The similar lack of progress in Board representation has led California, the city of Philadelphia, the European Commission, Norway, India and others to increase pressure on corporations to add more women to boards. It’s likely that such government actions will become more common in 2014.

On the positive side, there was some evidence that 2013 may have been the year that perceptions of women leaders began to turn a corner. We note that stories about newsmakers including Janet Yellin at the U.S. Federal Reserve, Christine Lagarde at the IMF, Mary Jo White at the SEC, as well as CEOs Mary Barra at GM, Meg Whitman at HP, Virginia Rometty at IBM, Patricia Woertz at ADM and Marissa Mayer at Yahoo were, for the most part, about their policy decisions, experience, mistakes and achievements – and not about their gender. It’s a subtle change, but one worth noting.
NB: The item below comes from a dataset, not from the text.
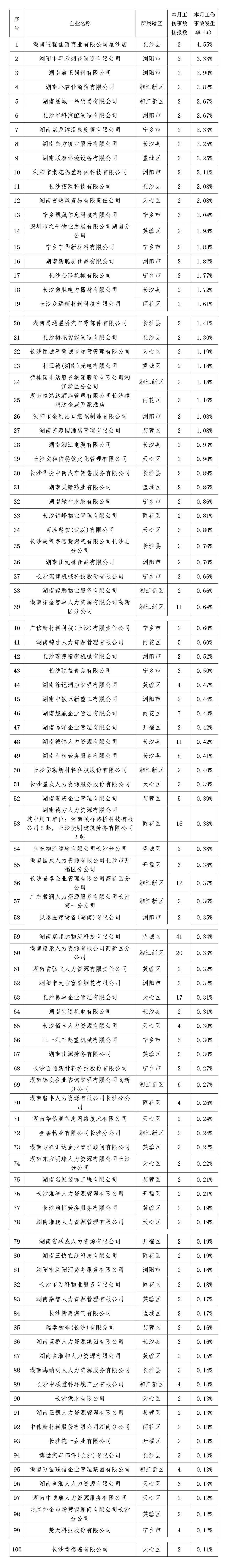 根据申报情况,工伤事故发生率排名前100名的企业中,长沙县15家49起,天心区14家48起,芙蓉区14家37起,湘江新区13家71起,浏阳市12家24起,宁乡市11家30起,雨花区10家45起,望城区6家51起,开福区5家11起。劳务派遣公司合作的用工单位当月申报3起及以上工伤事故的,用工单位同步公布。

Also of note, while women hold only one in eight of the executive and board positions in California’s top 400 public companies, an annual UC Davis study shows incremental progress -- the percentage of women in these top decision-making posts has increased, and the number of companies with no women executives and board directors at all is dropping.
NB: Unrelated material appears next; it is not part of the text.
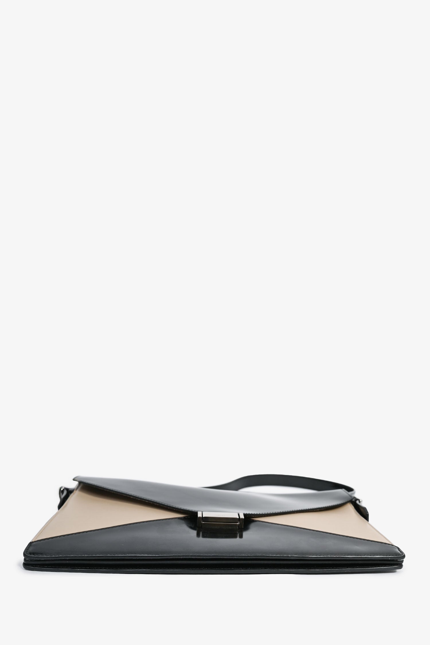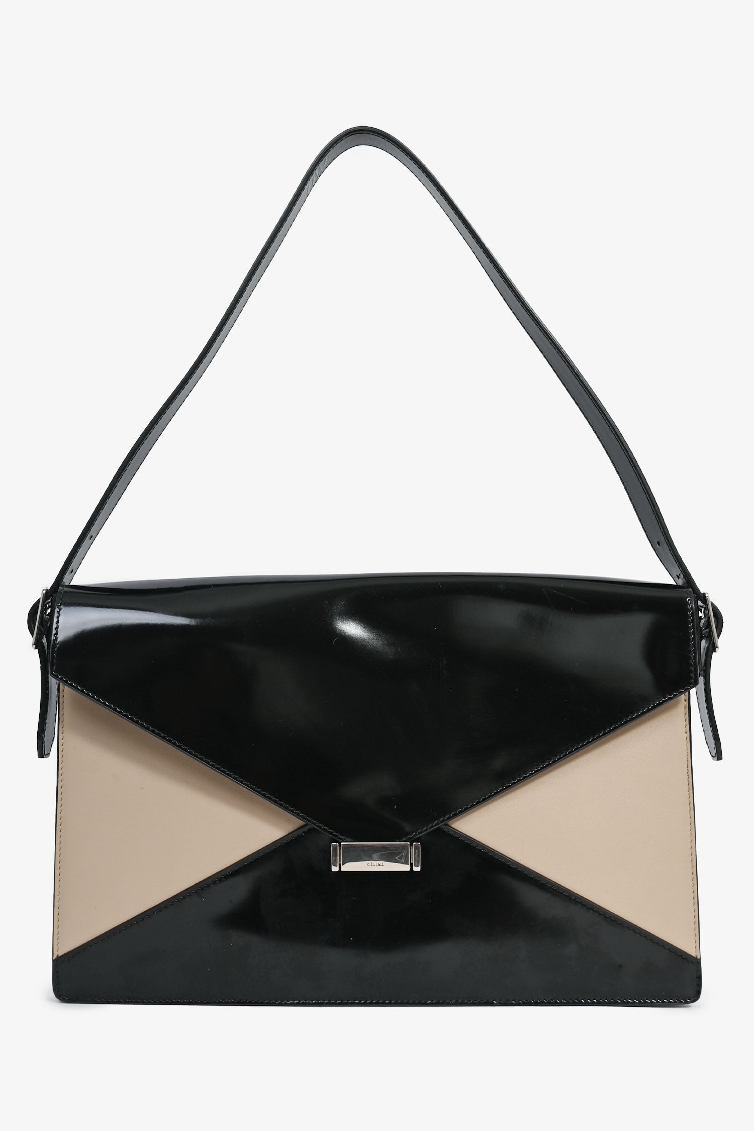 Celine Black/Brown Patent Leather Diamond Shoulder Bag. Single shoulder strap. Silver-tone hardware. Rear zipped compartment. Fold-over flap. Suede lined interior with a zipped pocket and 2 compartments.

Looking ahead, another development to watch is the already large and growing percentage of women in ethics officer positions. According to the Society for Corporate Compliance and Ethics (SCCE) the percentage of their members who are women is approaching 60 percent. This could have interesting ramifications for our profession and is an area worth studying. We encourage our readers to work with industry associations and think tanks to research this trend and its consequences.

Some questions to consider:

  • Are there discernible differences between men and women’s approach to business ethics, especially with respect to management style, collaboration and communication?
  • Is there evidence that the ethics office has become the new HR – a safe place to park female high-achievers, while keeping them off the CEO track?
  • Is there pay equity between men and women who hold comparable ethics and compliance positions? Is their clout also comparable as measured by title or level in the organization, to whom they report and who comprises their in-house network?
  • Are there any identifiable differences between how employees view the ethics and compliance function if it is headed by a man or a woman? Are the findings the same in all industries? In all countries?